● WHAT TO WORK ON
An exact reproduction of the data below is expected, free of images.

● RECORDED DATA
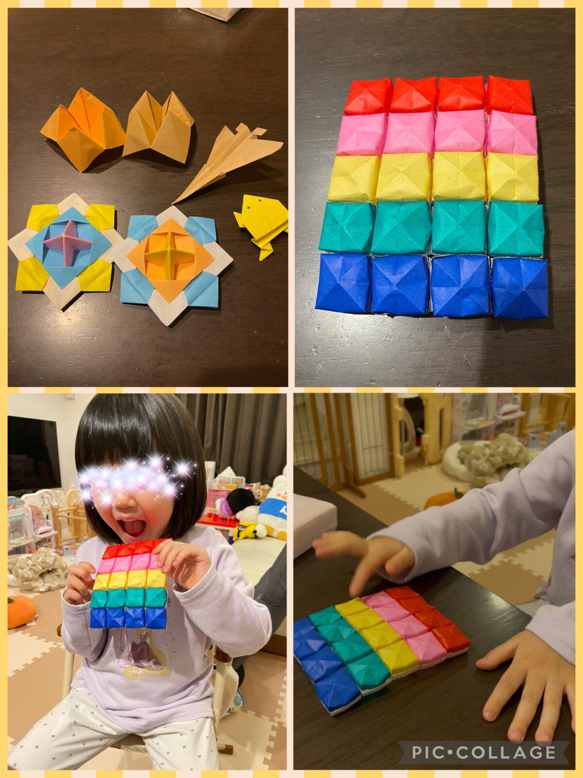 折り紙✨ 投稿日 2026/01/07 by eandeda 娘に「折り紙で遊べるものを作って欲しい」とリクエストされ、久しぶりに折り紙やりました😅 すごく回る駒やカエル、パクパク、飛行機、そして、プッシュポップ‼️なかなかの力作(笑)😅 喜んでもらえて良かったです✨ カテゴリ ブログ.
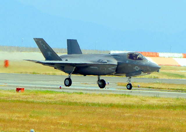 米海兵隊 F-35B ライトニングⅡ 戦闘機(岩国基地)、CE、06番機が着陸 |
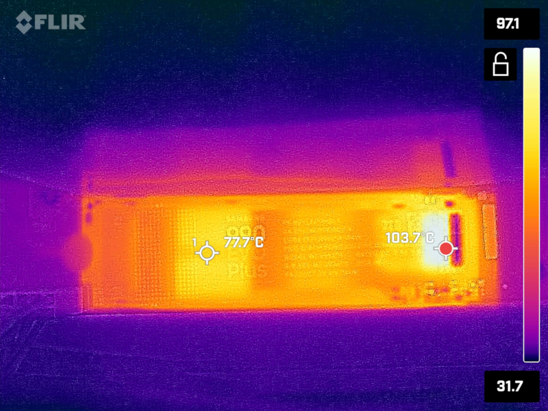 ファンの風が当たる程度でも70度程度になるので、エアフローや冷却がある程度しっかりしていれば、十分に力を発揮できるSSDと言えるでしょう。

● PROBLEM SOLUTION
 折り紙✨ 投稿日 2026/01/07 by eandeda 娘に「折り紙で遊べるものを作って欲しい」とリクエストされ、久しぶりに折り紙やりました😅 すごく回る駒やカエル、パクパク、飛行機、そして、プッシュポップ‼️なかなかの力作(笑)😅 喜んでもらえて良かったです✨ カテゴリ ブログ.
 米海兵隊 F-35B ライトニングⅡ 戦闘機(岩国基地)、CE、06番機が着陸 |
 ファンの風が当たる程度でも70度程度になるので、エアフローや冷却がある程度しっかりしていれば、十分に力を発揮できるSSDと言えるでしょう。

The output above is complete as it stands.